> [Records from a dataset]
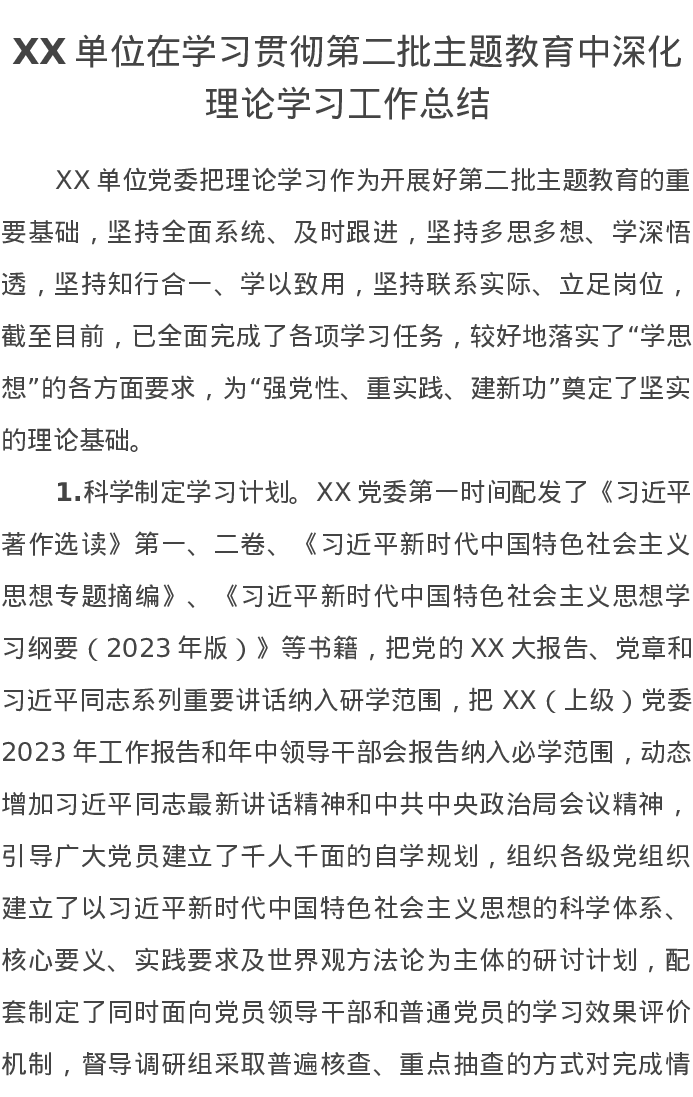 XX单位在学习贯彻第二批主题教育中深化理论学习工作总结(特色社会主义思想)
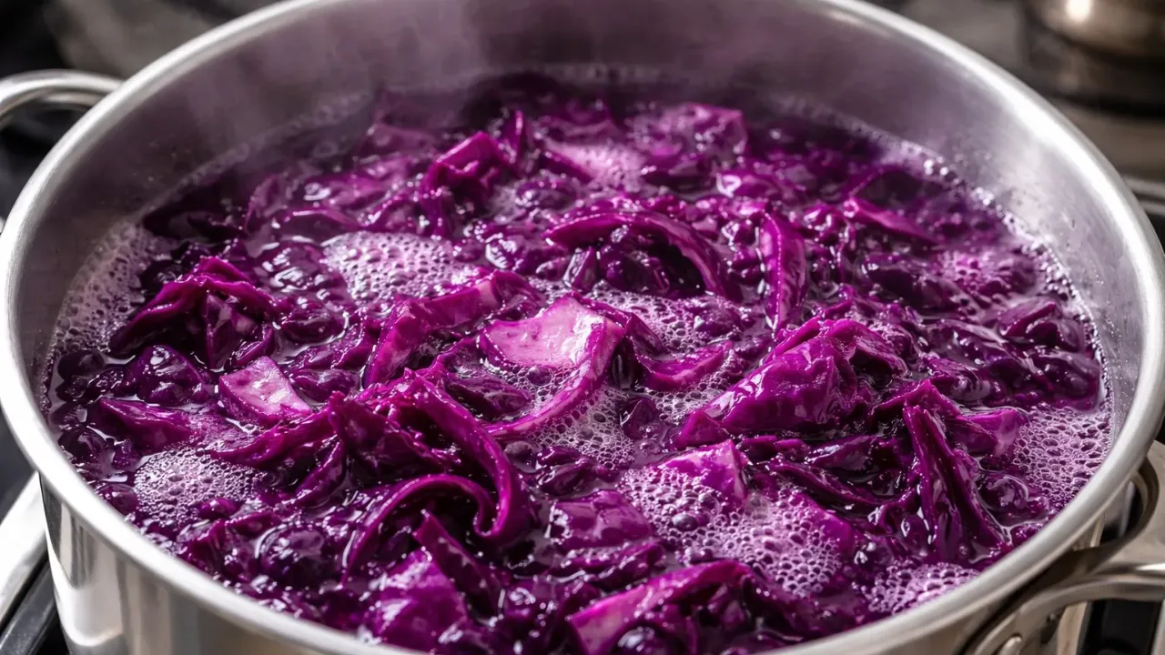 Pirmiausia kopūstą reikia susmulkinti ir sudėti į puodą su vandeniu taip, kad daržovė būtų visiškai apsemta. Mišinys verdamas maždaug 20–30 minučių, kol vanduo įgauna sodrų violetinį atspalvį.
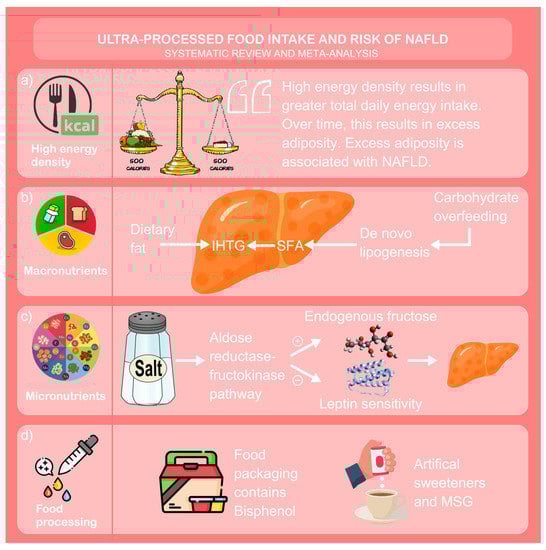 Graphical discussion. NAFLD = non-alcoholic fatty liver disease; IHTG = intra-hepatic triglyceride deposition; SFA = saturated fatty acids; MSG = monosodium glutamate. (a) ultra-processed foods are highly energy dense, contributing towards excess visceral adiposity and fatty liver disease; (b) ultra-processed foods are high in dietary saturated fat and refined carbohydrates which promote de novo lipogenesis and consequent intra-hepatic triglyceride deposition if consumed in excess, chronically; (c) ultra-processed foods are high in sodium salt which activates the aldose reductase-fructokinase pathway. This in turns upregulates endogenous fructose availability and downregulates leptin sensitivity, increasing hepatic adiposity; (d) ultra-processed foods are often saturated with artificial food processing ingredients in their food matrix, such as artificial sweeteners and mono-sodium glutamate, and packaging, often in the form of bisphenol a.
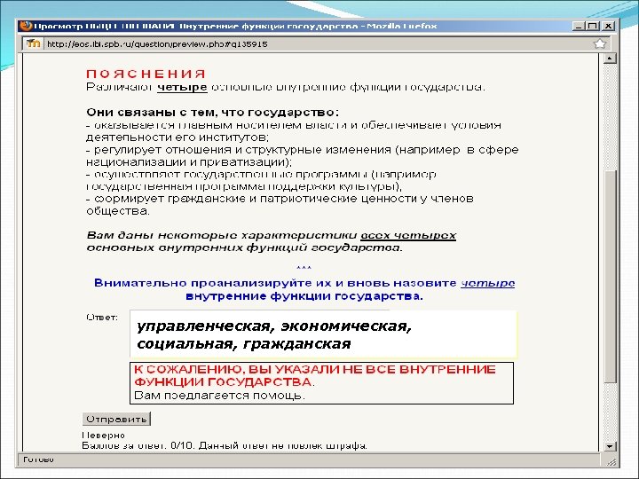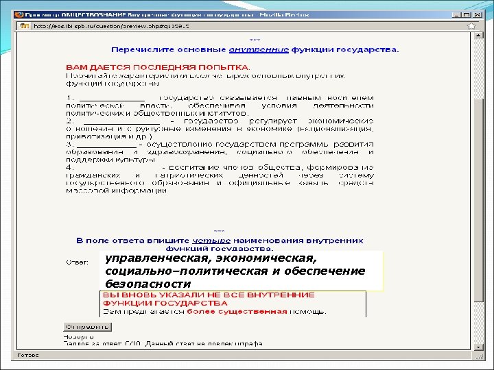 управленческая, экономическая, социально–политическая и обеспечение безопасности
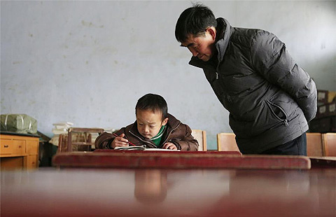 Zhao Guoqing teaches his only student, Wang Wenqiang, in Xuan'en county, Hubei province, March 24, 2014.
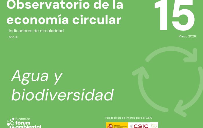L’Observatori de l’Economia Circular és una iniciativa de la Fundació Fòrum Ambiental que neix per contribuir a la transformació circular mitjançant la difusió dels indicadors de seguiment de la circularitat més rellevants per a l’economia espanyola.
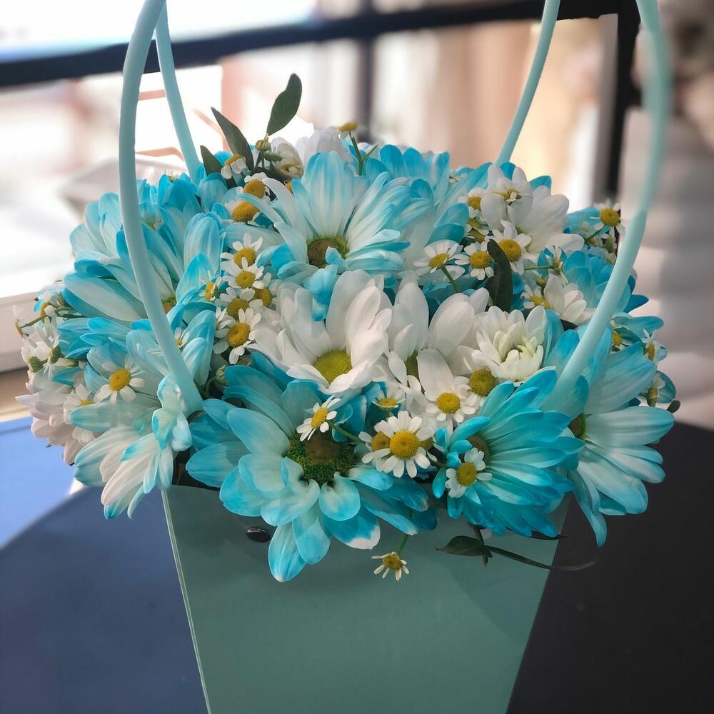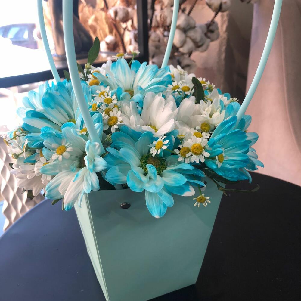 Кустовая хризантема – 2 шт.Танацетум – 2 шт.Оазис – 1 шт.Плайм пакет – 1 шт.
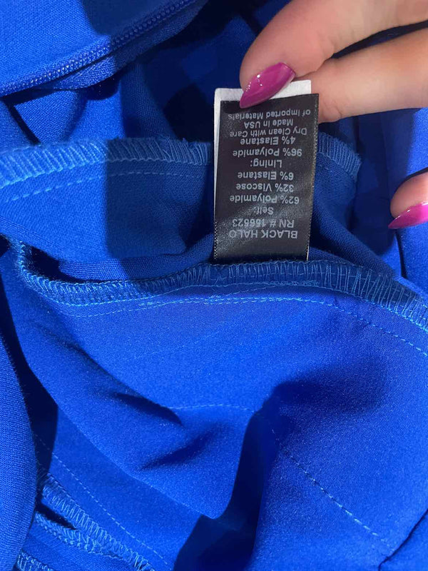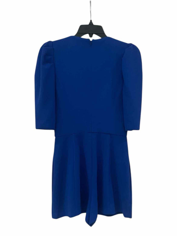 The royal blue hue of the Black Halo Royal Blue Size 2 Romper brings a vibrant touch to any women's consignment fashion collection. This pre-loved designer piece, available through authentic luxury resale, features a chic round neck and distinctive elbow-length open puff sleeves. The tailored silhouette, complete with shorts and a zipper up the back, ensures a refined and polished look. Crafted from a polyamide blend, this romper is offered in new condition with original tags, making it a beautiful addition for those who appreciate quality and style in pre-owned designer finds.
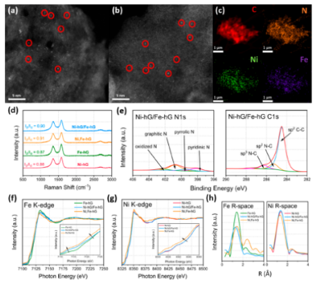 Figure 2. 物理化學特性。(a-b)樣品的HAADF-STEM圖像。(c) EDX元素分布。(d)拉曼測量。(e)高分辨率N 1s和C 1s光譜。每種催化劑在(f) Fe K-edge和 (g) Ni K-edge的x射線吸收近邊精細結(jié)構(gòu)(XANES)光譜和放大曲線,以及在Fe和Ni的R空間。
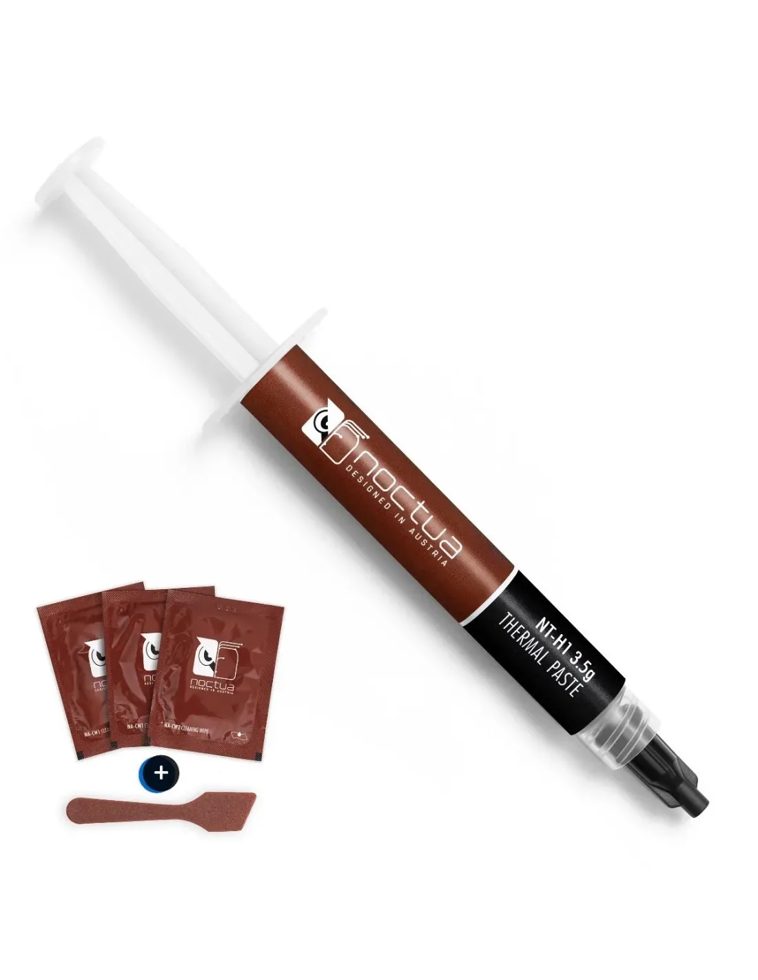 Noctua NT-H1. Tipo: Pasta termica, Densità: 2,49 g/cm³, Colore del prodotto: Grigio. Volume: 1,4 ml, Peso: 3,5 g. Quantità per pacco: 1 pz, Larghezza imballo: 70 mm, Profondità imballo: 30 mm

> [Exercise directions] Copy nothing past the line containing "Кустовая хризантема –": reproduce every line from the start of the records up to it, skipping pictures.

> [Response area]
 XX单位在学习贯彻第二批主题教育中深化理论学习工作总结(特色社会主义思想)
 Pirmiausia kopūstą reikia susmulkinti ir sudėti į puodą su vandeniu taip, kad daržovė būtų visiškai apsemta. Mišinys verdamas maždaug 20–30 minučių, kol vanduo įgauna sodrų violetinį atspalvį.
 Graphical discussion. NAFLD = non-alcoholic fatty liver disease; IHTG = intra-hepatic triglyceride deposition; SFA = saturated fatty acids; MSG = monosodium glutamate. (a) ultra-processed foods are highly energy dense, contributing towards excess visceral adiposity and fatty liver disease; (b) ultra-processed foods are high in dietary saturated fat and refined carbohydrates which promote de novo lipogenesis and consequent intra-hepatic triglyceride deposition if consumed in excess, chronically; (c) ultra-processed foods are high in sodium salt which activates the aldose reductase-fructokinase pathway. This in turns upregulates endogenous fructose availability and downregulates leptin sensitivity, increasing hepatic adiposity; (d) ultra-processed foods are often saturated with artificial food processing ingredients in their food matrix, such as artificial sweeteners and mono-sodium glutamate, and packaging, often in the form of bisphenol a.
 управленческая, экономическая, социально–политическая и обеспечение безопасности
 Zhao Guoqing teaches his only student, Wang Wenqiang, in Xuan'en county, Hubei province, March 24, 2014.
L’Observatori de l’Economia Circular és una iniciativa de la Fundació Fòrum Ambiental que neix per contribuir a la transformació circular mitjançant la difusió dels indicadors de seguiment de la circularitat més rellevants per a l’economia espanyola.
 Кустовая хризантема – 2 шт.Танацетум – 2 шт.Оазис – 1 шт.Плайм пакет – 1 шт.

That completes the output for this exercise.